It's funny, as much criticism as the reporter took by the let's just say "alternative MMA fan base", his only real mistake was both allowing himself to be pushed around and losing control of his interview and program, and the weird obsession with completing a perfect interview.

I recall watching a video of the early 90s when Tyson was young, he did an interview with CBS and decided he was going to be defiant and standoffish as Chael was....the interviewer told Mike to have a good fight and cut the interview after about 45 seconds as Mike screamed "**** YOU!". 

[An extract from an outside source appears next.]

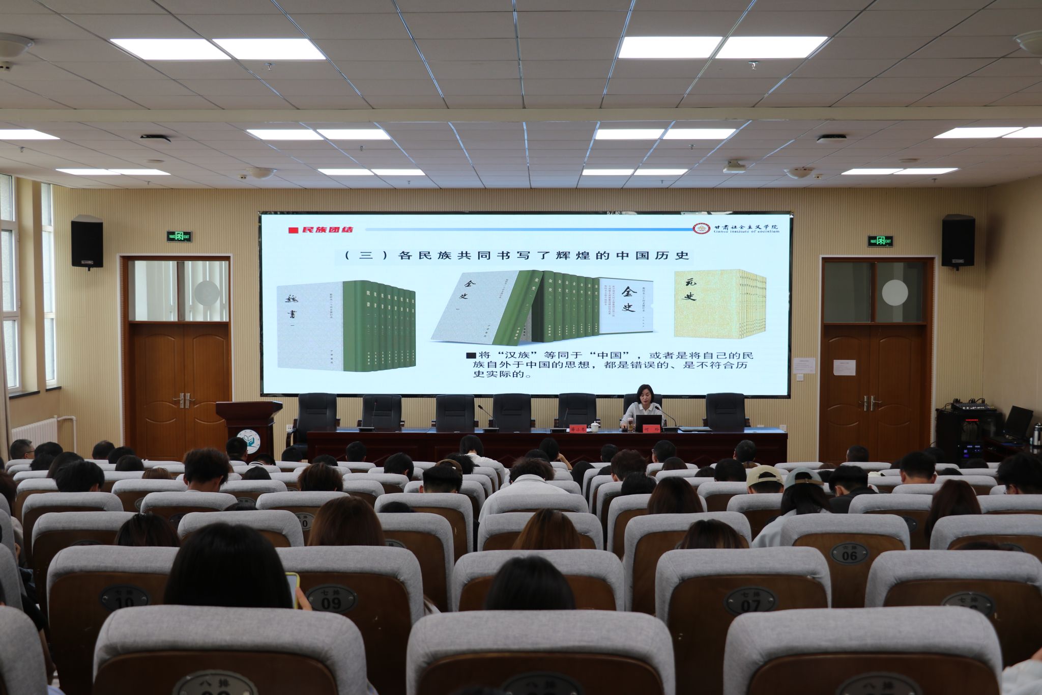 5月16日,bat365邀请甘肃社会主义宣讲团何玲教授作“铸牢中华民族共同体意识”专题宣讲,学院师生积极参加。何玲教授以 “四个与共” 为切入点,从历史溯源、认知跨越、使命赓续三维度,结合甘肃政治、经济、文化领域实践成果,深度阐释中华民族共同体意识。她还带领师生齐声诵读 “五十六个民族是一家”,铿锵声浪将现场气氛推向高潮。在场师生表示,将以此次活动为契机,从自身做起投身民族团结事业,为铸牢中华民族共同体意识贡献力量。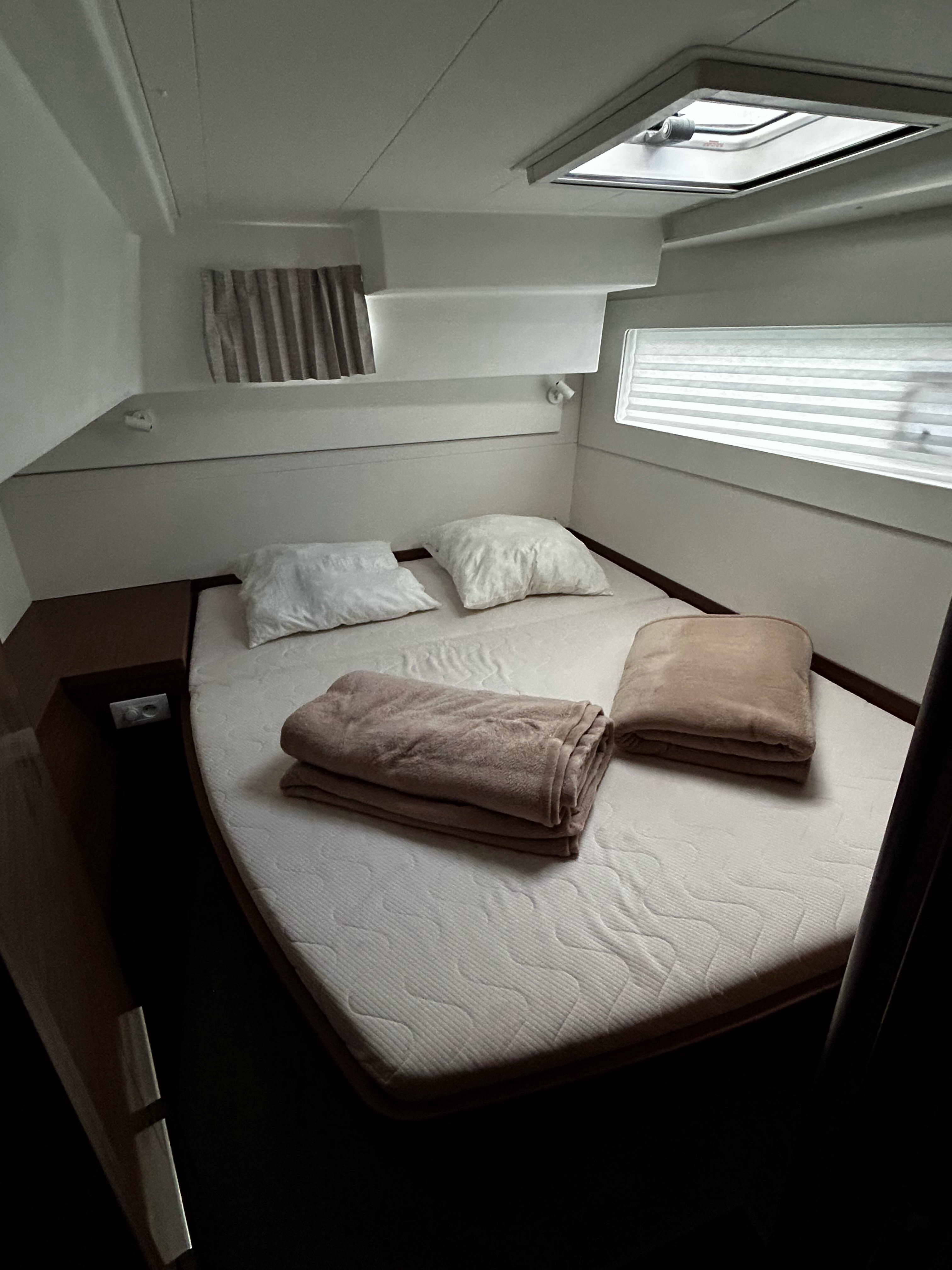 Catamaran Lagoon 40 Didoo, built in 2022 is anchored in the Corfu, Gouvia Marina, Ionian Islands, Greece. It has 4 + 2 cabins, can accommodate 8 + 2 people and has 4 toilets.

But again, this isn't CBS, it's some random show in Canada where Chael knows his bully tactics will work as long as he wants to play games. And fortunately, it's just obscure and small enough really to only appeal to MMA fans and the type of low-brow fans that find this type of thing humorous or enticing. So mission accomplished on Chael's part I suppose.


----------



## UFC_OWNS (Jul 7, 2010)

Roflcopter said:


> It's funny, as much criticism as the reporter took by the let's just say "alternative MMA fan base", his only real mistake was both allowing himself to be pushed around and losing control of his interview and program, and the weird obsession with completing a perfect interview.
> 
> I recall watching a video of the early 90s when Tyson was young, he did an interview with CBS and decided he was going to be defiant and standoffish as Chael was....the interviewer told Mike to have a good fight and cut the interview after about 45 seconds as Mike screamed "**** YOU!".
> 
> But again, this isn't CBS, it's some random show in Canada where Chael knows his bully tactics will work as long as he wants to play games. And fortunately, it's just obscure and small enough really to only appeal to MMA fans and the type of low-brow fans that find this type of thing humorous or enticing. So mission accomplished on Chael's part I suppose.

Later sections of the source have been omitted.